- _ABOUT THIS TASK_:
Keep the lines exact and the pictures out as you repeat the following listing.

- _DATASET EXCERPT_:
------------

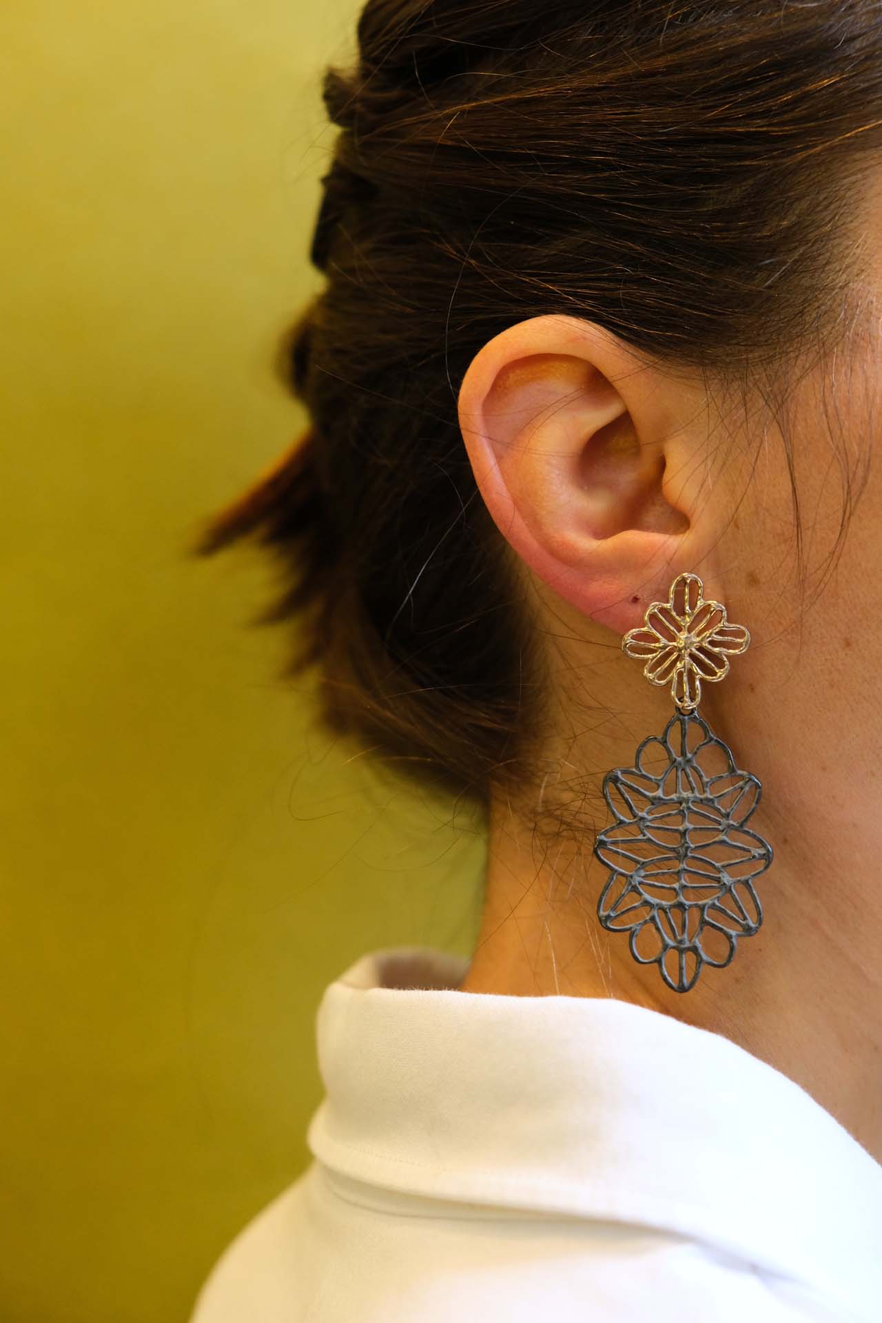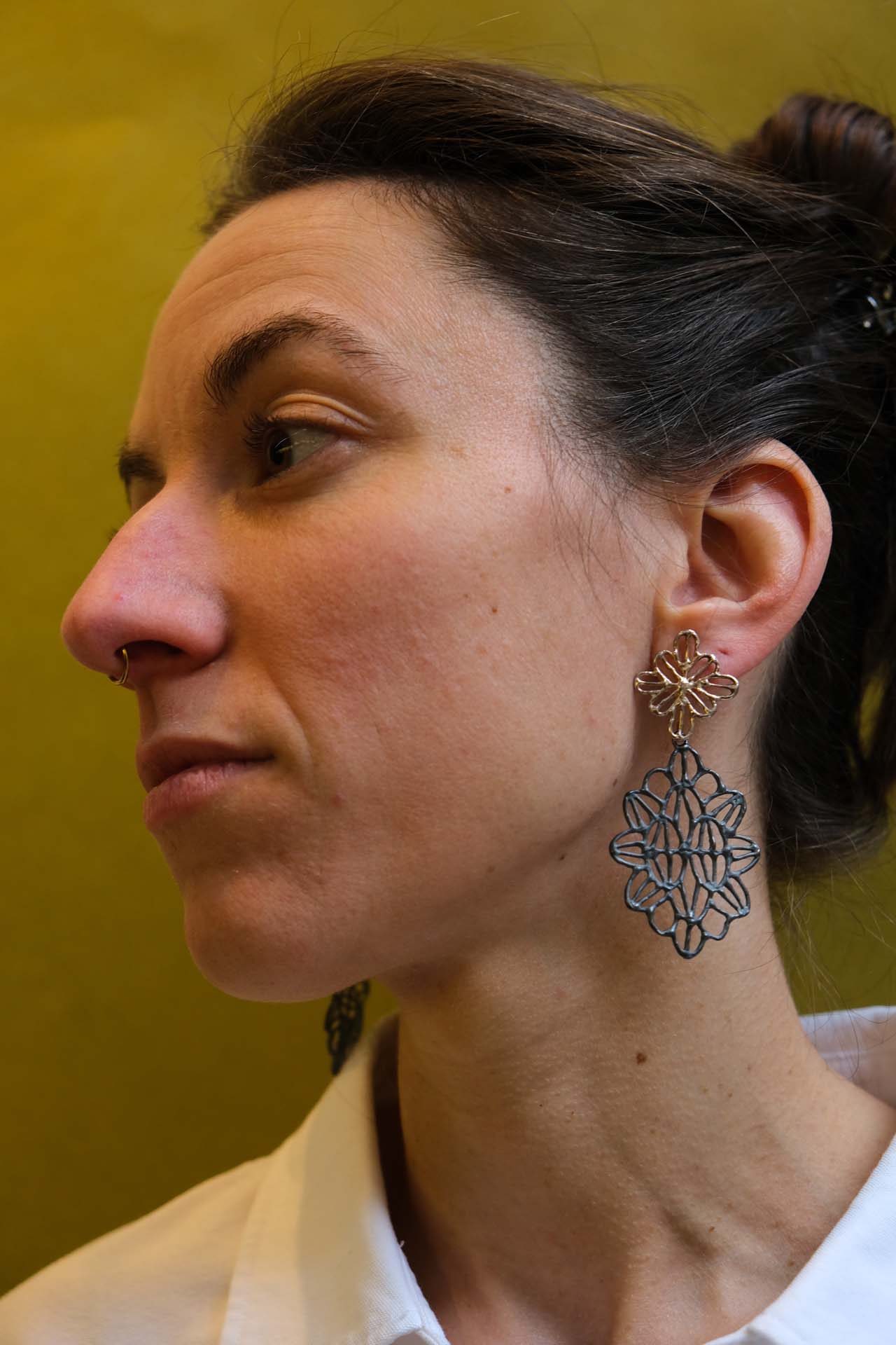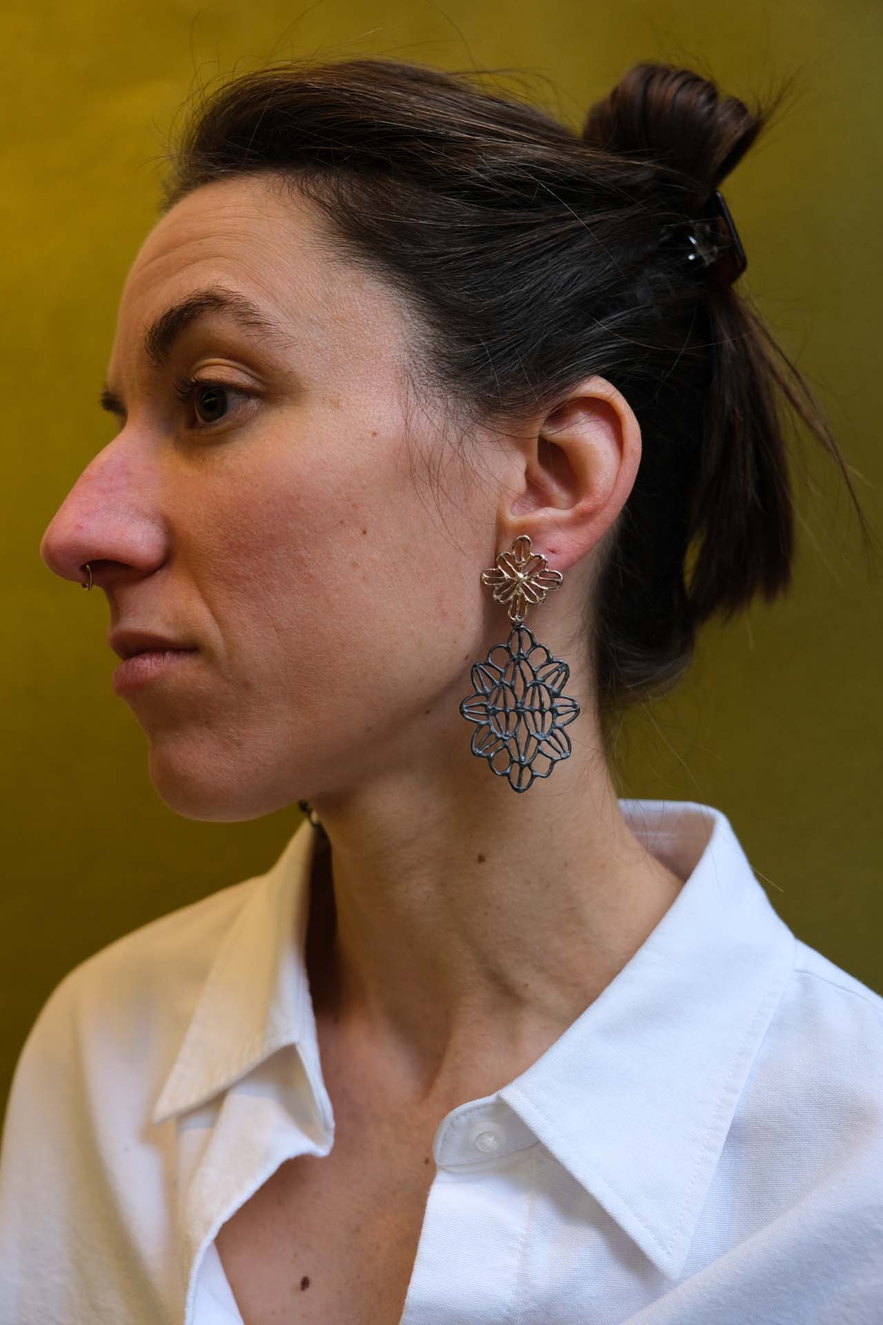 Ces boucles d’oreilles en argent se distinguent par leur mobilité et leur jeu de contrastes : une partie en argent lumineux, l’autre subtilement oxydée de noir. L’ensemble crée un mouvement délicat et une profondeur visuelle raffinée, entre lumière et ombre.
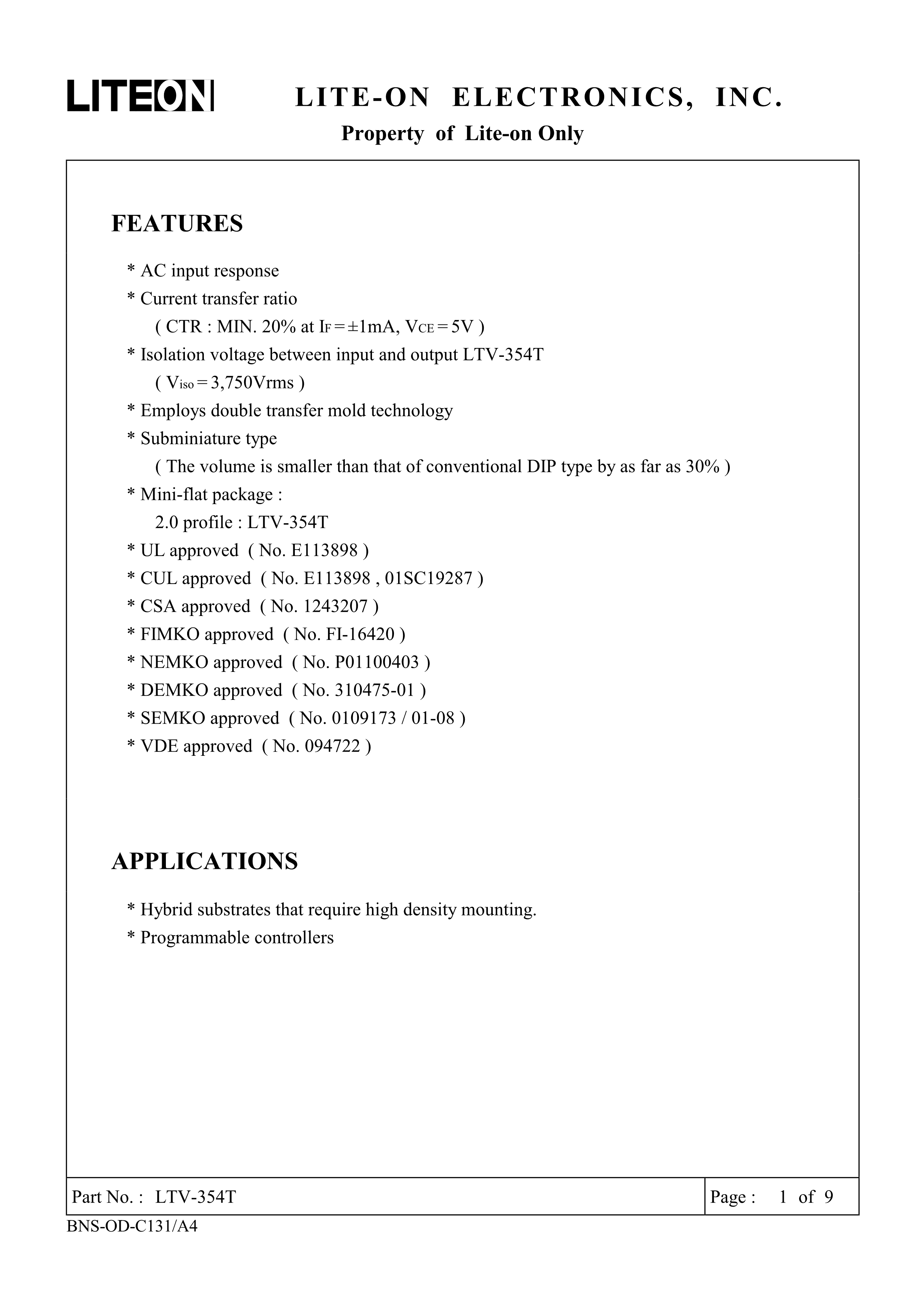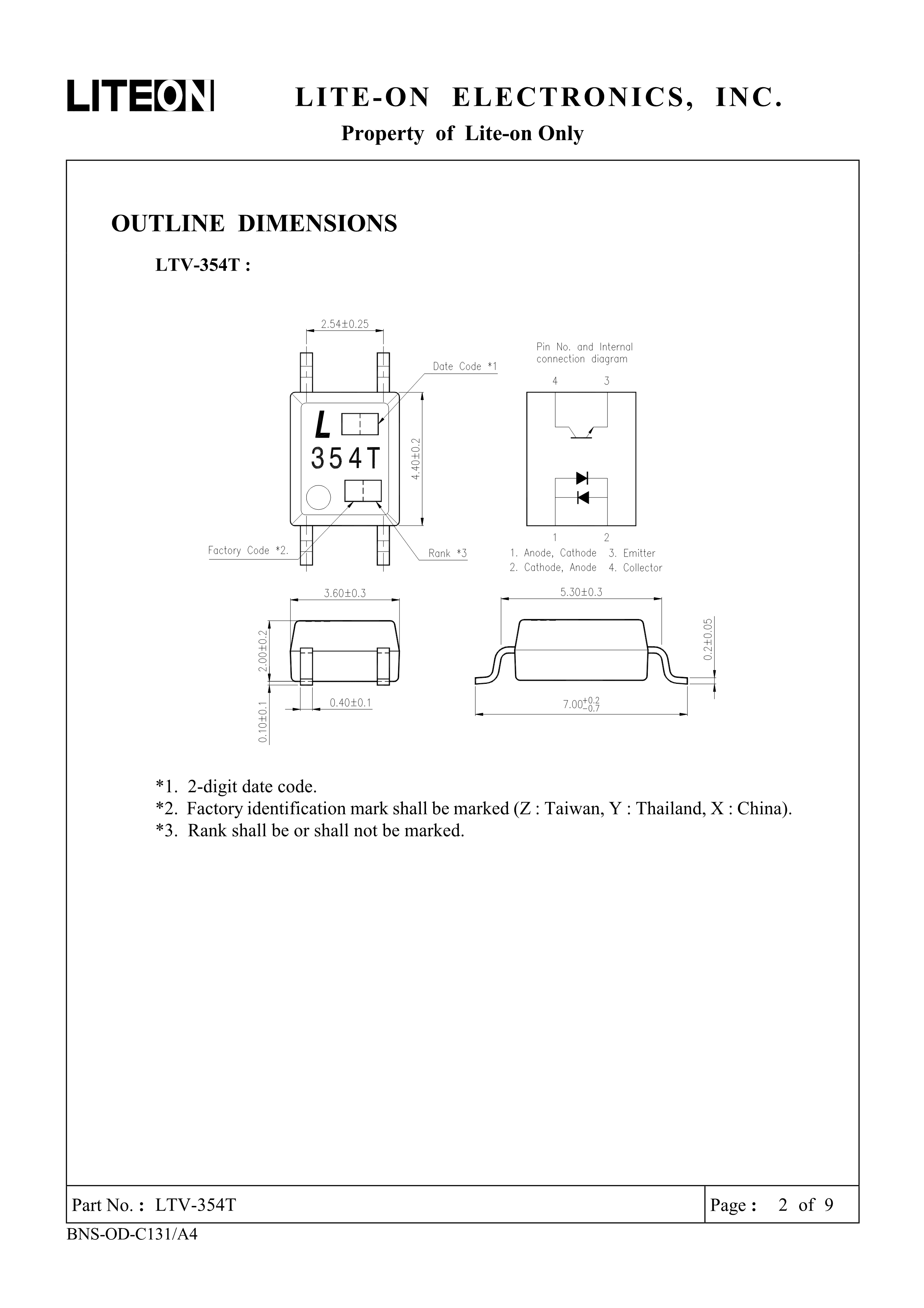 LTV-354T数据手册SOP-4_2.54封装LITEON(台湾光宝)PDF规格书,中英文下载
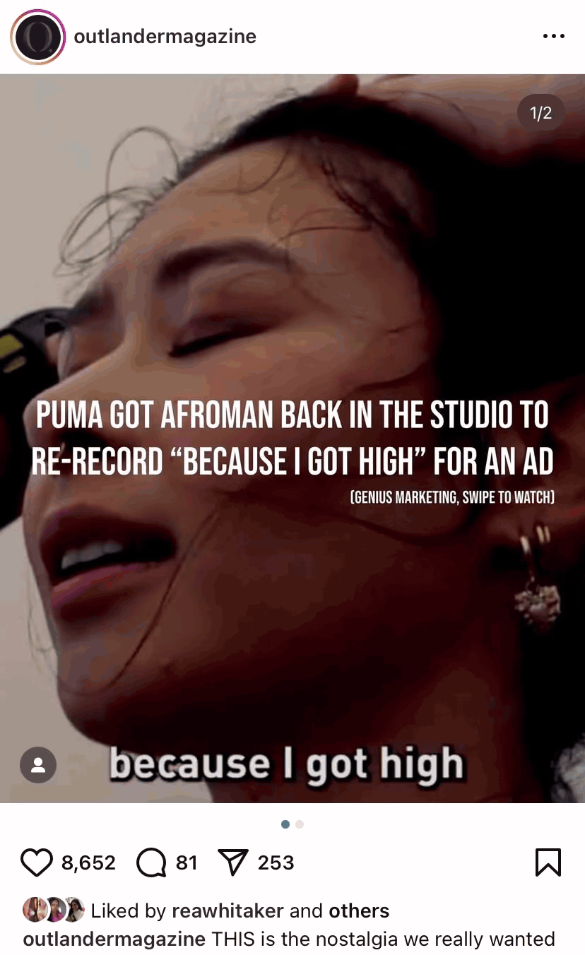 We launched PUMA’s biggest campaign to date with Afroman’s song ‘Because I Got High’ to land the truth - you won’t regret running because… it gets you high.
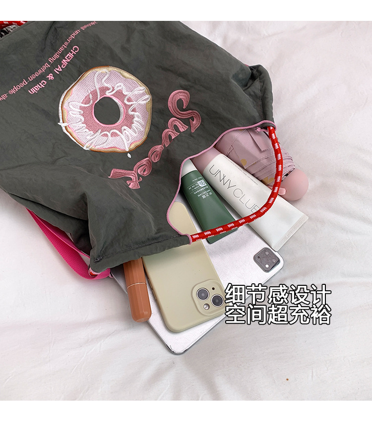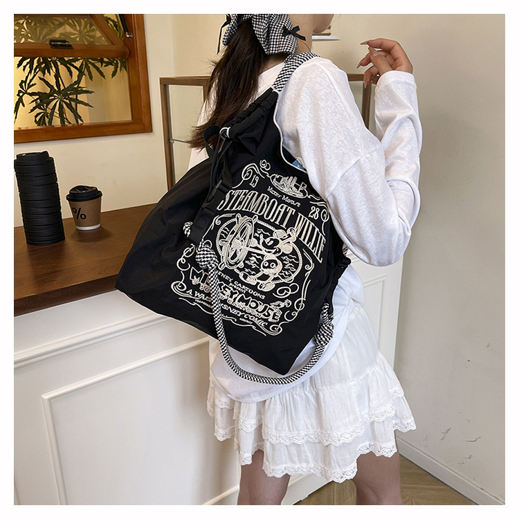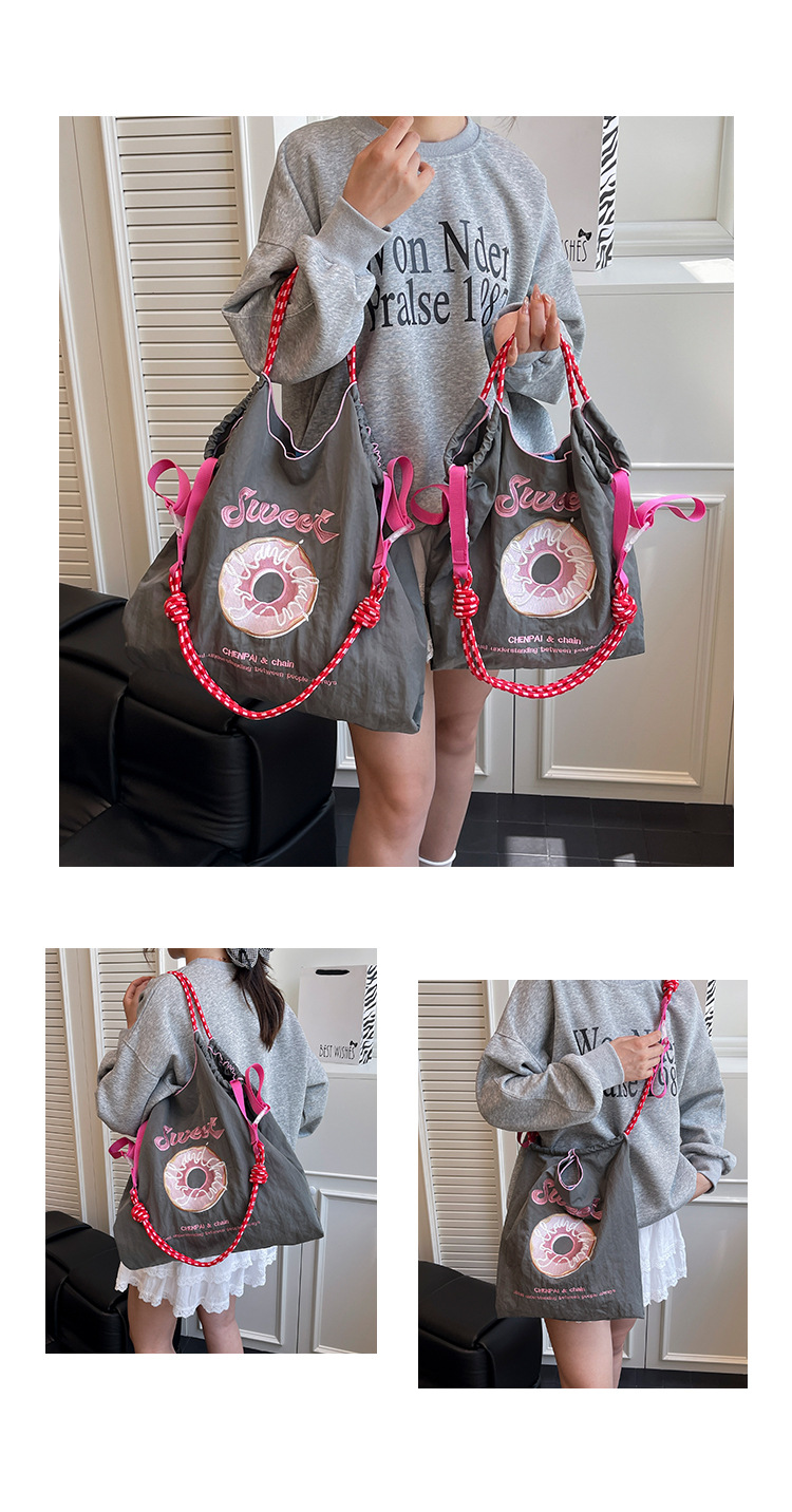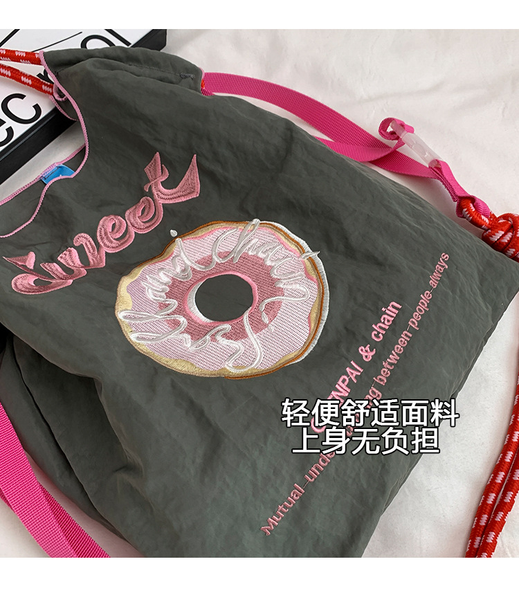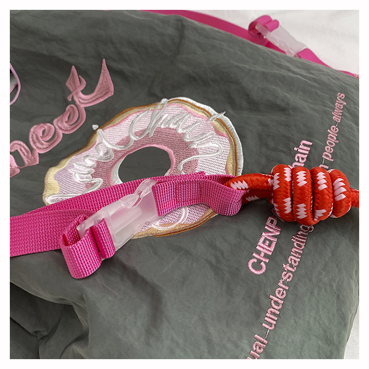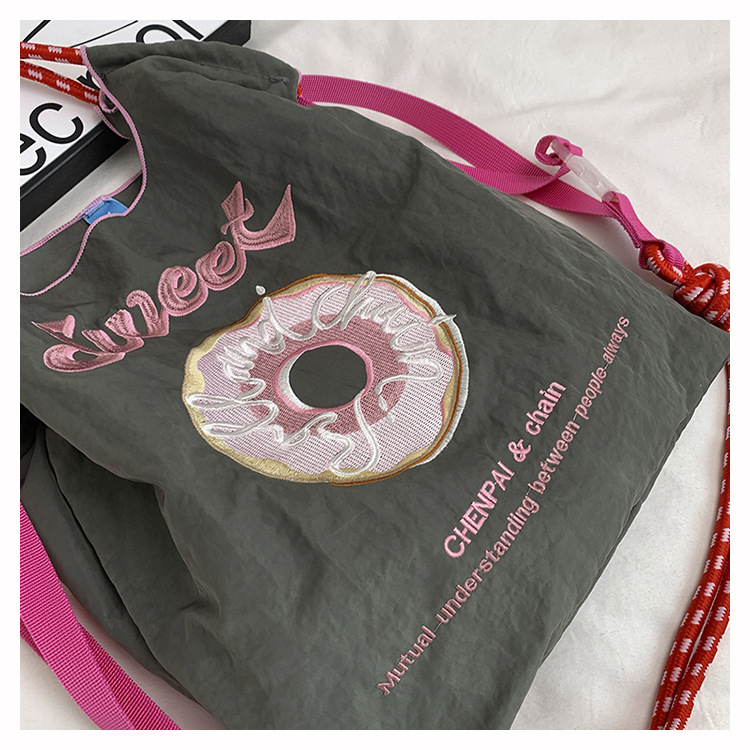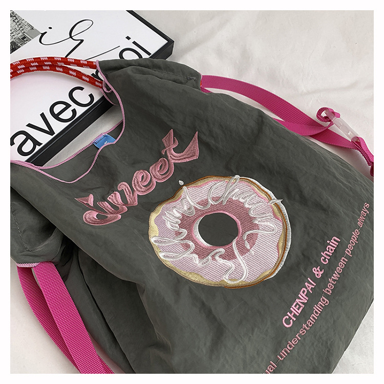 夏季新款日系刺绣labubu可爱单肩斜挎包托特包尼龙环保购物袋女包

------------

- _EXPECTED ANSWER_:
 Ces boucles d’oreilles en argent se distinguent par leur mobilité et leur jeu de contrastes : une partie en argent lumineux, l’autre subtilement oxydée de noir. L’ensemble crée un mouvement délicat et une profondeur visuelle raffinée, entre lumière et ombre.
 LTV-354T数据手册SOP-4_2.54封装LITEON(台湾光宝)PDF规格书,中英文下载
 We launched PUMA’s biggest campaign to date with Afroman’s song ‘Because I Got High’ to land the truth - you won’t regret running because… it gets you high.
 夏季新款日系刺绣labubu可爱单肩斜挎包托特包尼龙环保购物袋女包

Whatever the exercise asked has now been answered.